> [Data to examine]
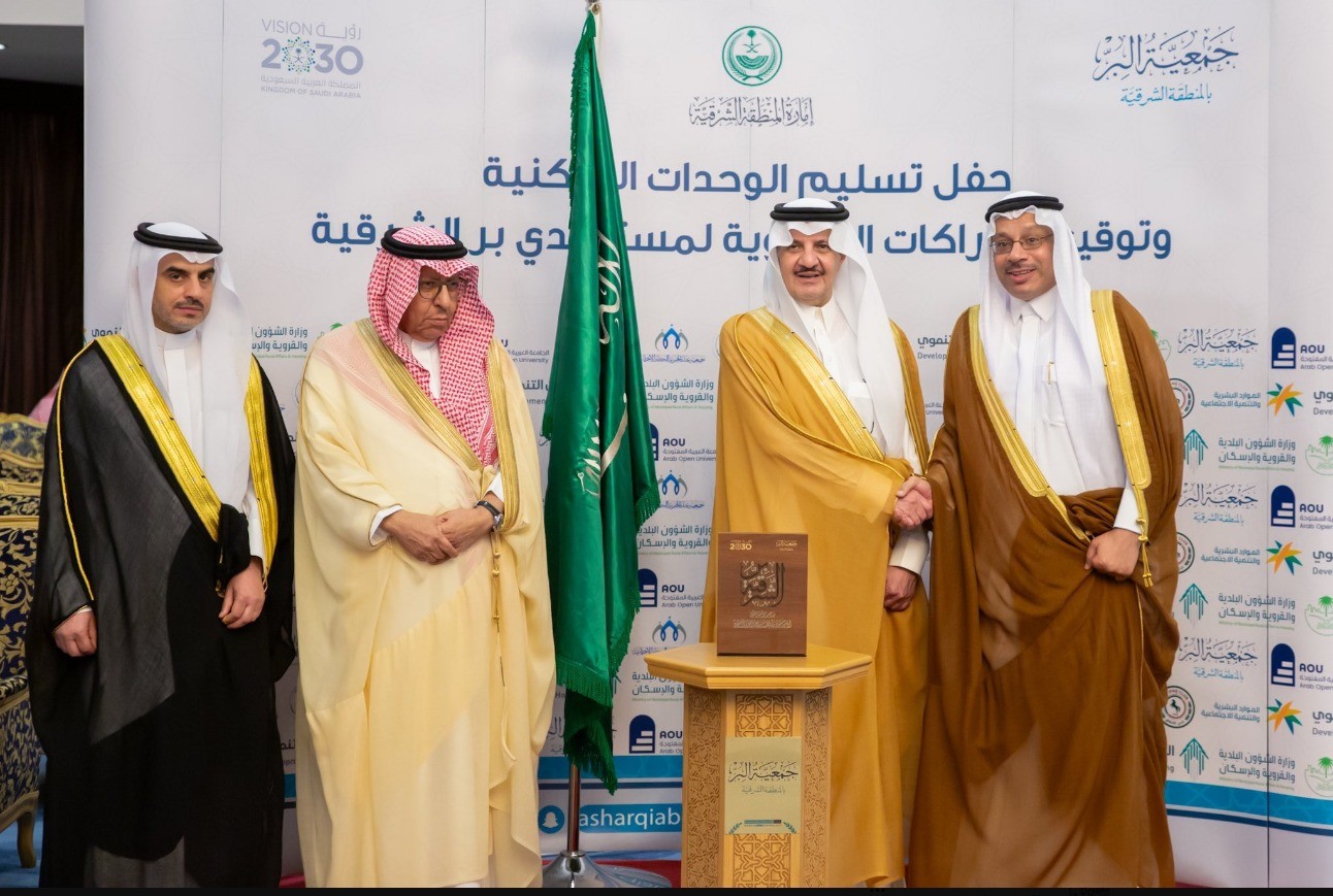 سلم سمو أمير المنطقة الشرقية سعود بن نايف بن عبدالعزيز، رئيس مجلس إدارة جمعية البر بالمنطقة بديوان الإمارة اليوم، 50 وحدة سكنية للمستفيدين من خدمات الجمعية من الأسر الأشد حاجة تضاف للوحدات السكنية التي سلمت سابقاً، وبلغ عددها 1178 وحدة من أصل 4000 وحدة سكنية، كان قد وقع سموه اتفاقية تنفيذها بين جمعية البر بالشرقية ووزارة الشؤون البلدية والقروية والإسكان بقيمة إجمالية تقدر بمليار و300 مليون ريال.
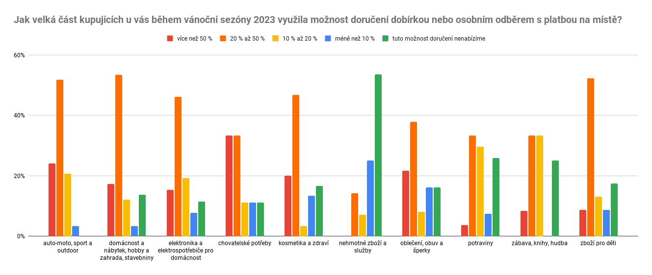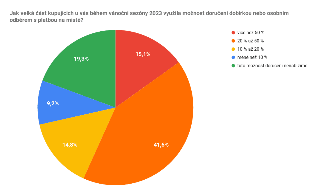 Jak velká část kupujících u vás během vánoční sezóny 2023 využila možnost doručení dobírkou nebo osobním odběrem s platbou na místě?
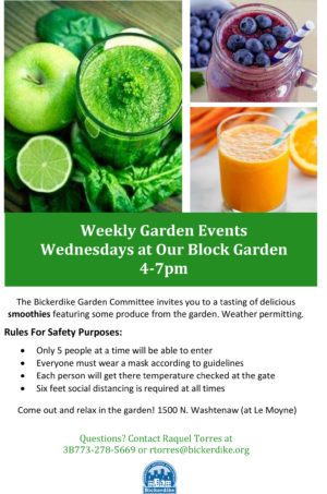 Our Block Garden 1500 N. Washtenaw, Chicago, IL, United StatesThe Bickerdike Garden Committee invites you to a tasting of delicious smoothies featuring some produce from the garden. Rules For Safety Purposes: Only 5 people at a time will be able to enter Everyone must wear a mask according to guidelines Each person will get there temperature checked at the gate Six feet social distancing […]
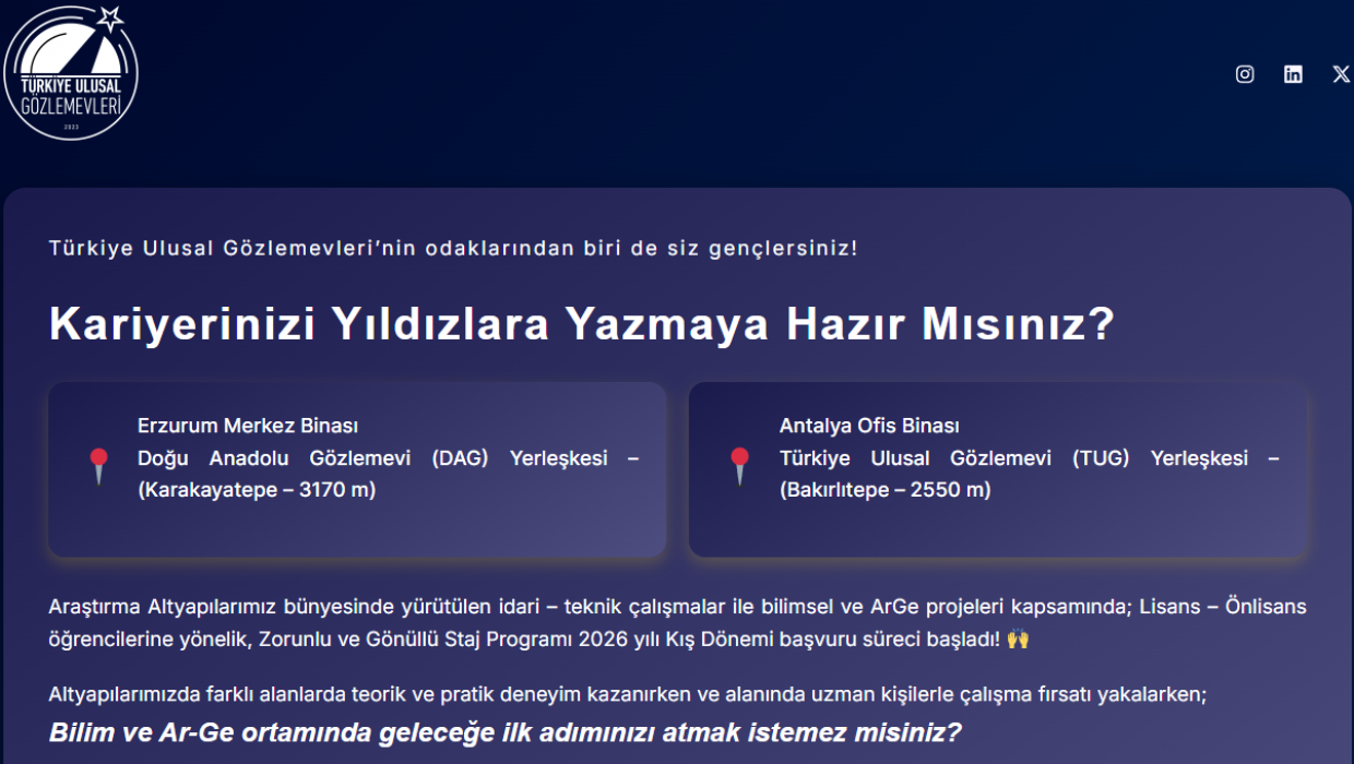 Türkiye Ulusal Gözlemevleri Staj Duyurusu
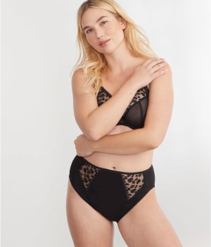 • Hi-cut, modest rise brief provides beautiful coverage
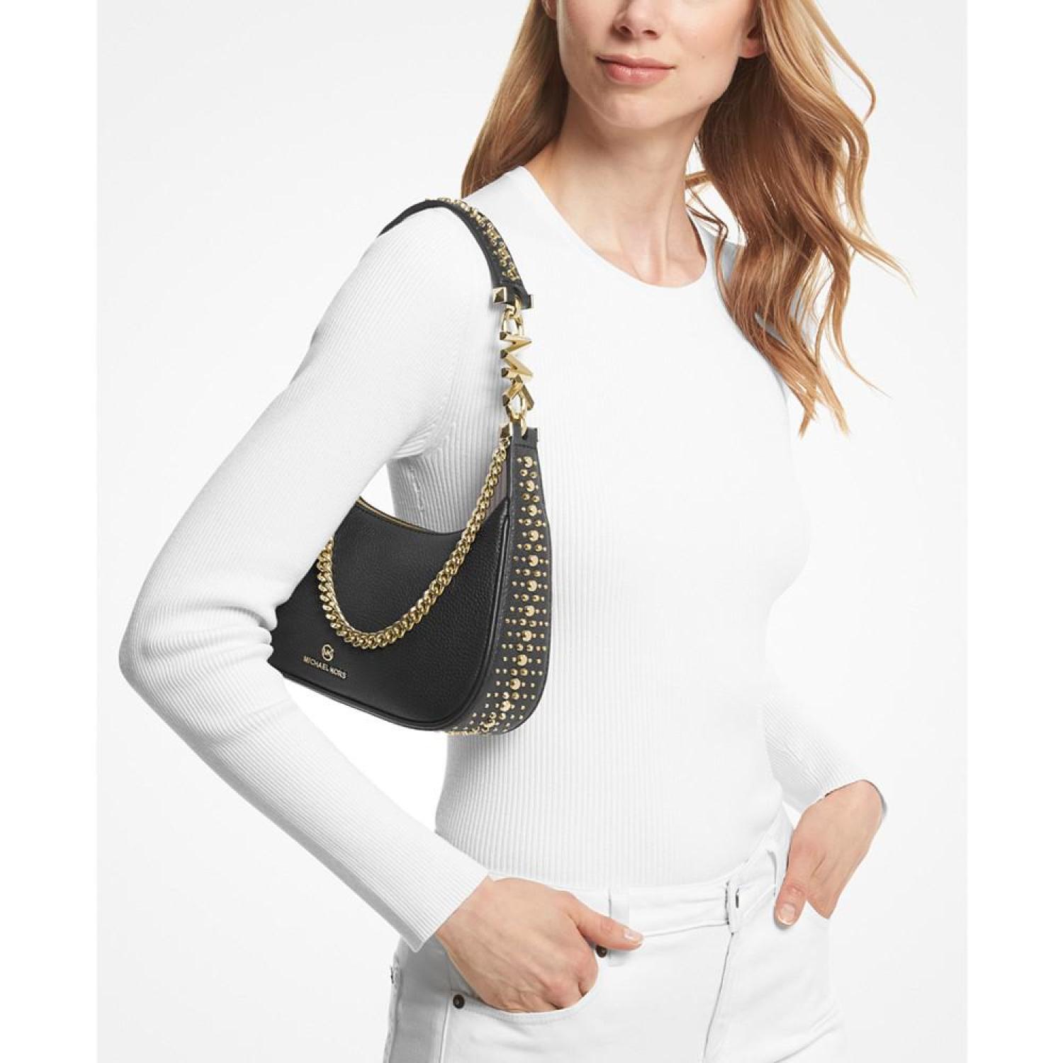 Compact and chic, the Piper by MICHAEL Michael Kors lends style to your everyday look. Small sized bag; 10"W x 8-1/2"H x 3-1/4"D (width is measured across the bottom of handbag); 0.77 lbs. approx. weight Silhouette is based off 5'9" model 8-3/4"L handle Zippered closure Gold-tone hardware & exterior back slip pocket Interior card slots & slip pocket Leather; lining: polyester Spot clean Imported
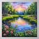 Painting of a beautiful sunset over a river with flowers
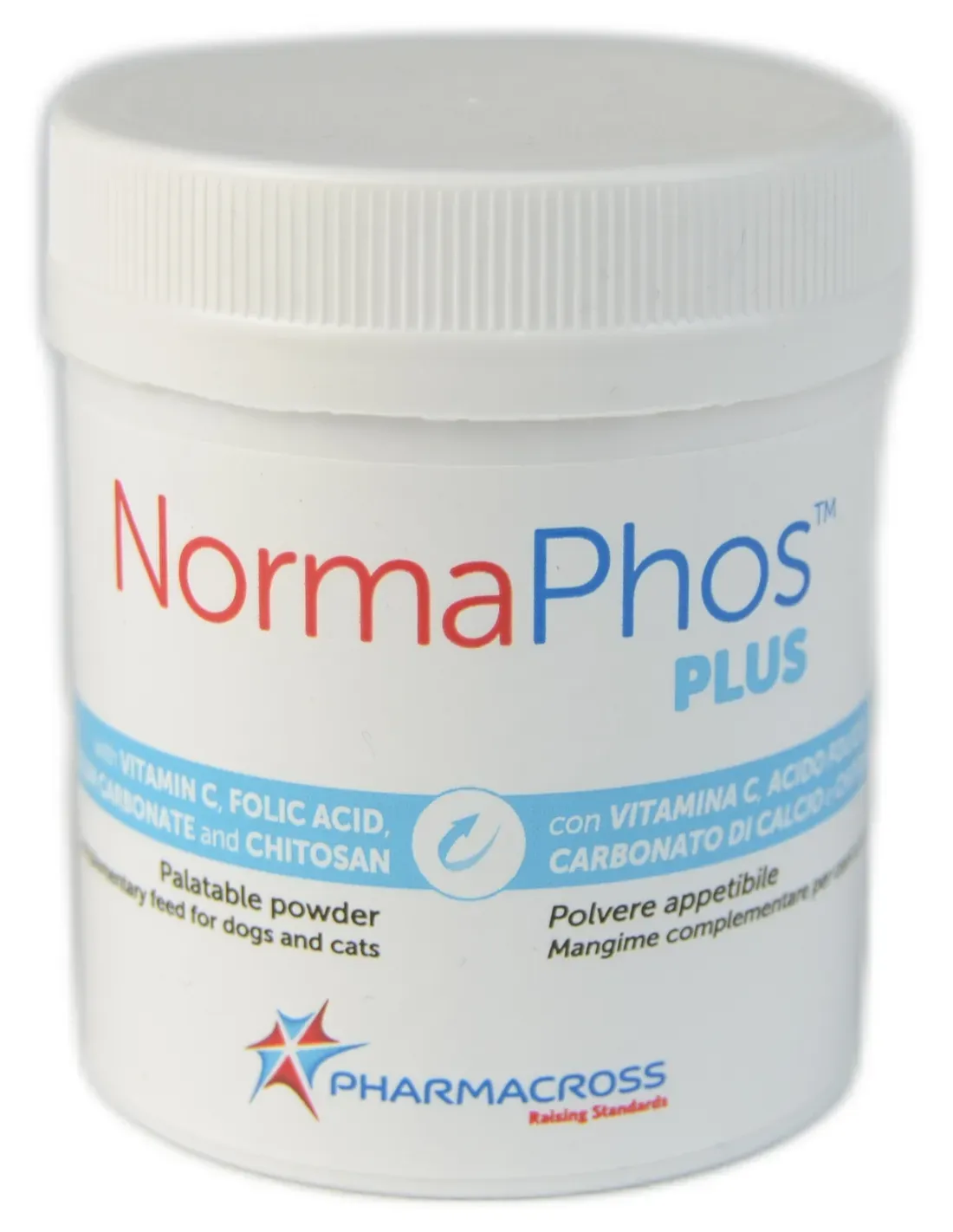 Pharmacross Normaphos Hunde- und Katzenpulver 45 g ist ein Ergänzungsfuttermittel, das den Phosphor von Calciumcarbonat (99 % Reinheit) und Chitosamin (90 % Reinheit) mit den antioxidativen Eigenschaften von Vitamin C (99 % Reinheit) und einem angemessenen Gehalt an Folsäure (99 % Reinheit) kombiniert. NormaPhos® PLUS kann in Verbindung mit einer Nierendiät dazu beitragen, den Phosphorspiegel im Normbereich zu halten, und nicht nur die Funktion der roten Blutkörperchen unterstützen.
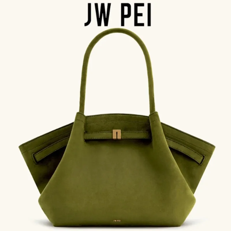 حقيبة "JW PEI" المصممة من جلد الغزال على شكل كعكة الزلابية، وهي حقيبة كتف فرنسية عصرية للنساء، تتميز بتصميم تحت الإبط ومقبض علوي أنيق.

> [What is required] Copy out exactly the material that runs from the line with "Jak velká část" to the line with "Painting of a", ends included, and leave the pictures behind.

> [Response for this exercise]
 Jak velká část kupujících u vás během vánoční sezóny 2023 využila možnost doručení dobírkou nebo osobním odběrem s platbou na místě?
 Our Block Garden 1500 N. Washtenaw, Chicago, IL, United StatesThe Bickerdike Garden Committee invites you to a tasting of delicious smoothies featuring some produce from the garden. Rules For Safety Purposes: Only 5 people at a time will be able to enter Everyone must wear a mask according to guidelines Each person will get there temperature checked at the gate Six feet social distancing […]
 Türkiye Ulusal Gözlemevleri Staj Duyurusu
 • Hi-cut, modest rise brief provides beautiful coverage
 Compact and chic, the Piper by MICHAEL Michael Kors lends style to your everyday look. Small sized bag; 10"W x 8-1/2"H x 3-1/4"D (width is measured across the bottom of handbag); 0.77 lbs. approx. weight Silhouette is based off 5'9" model 8-3/4"L handle Zippered closure Gold-tone hardware & exterior back slip pocket Interior card slots & slip pocket Leather; lining: polyester Spot clean Imported
 Painting of a beautiful sunset over a river with flowers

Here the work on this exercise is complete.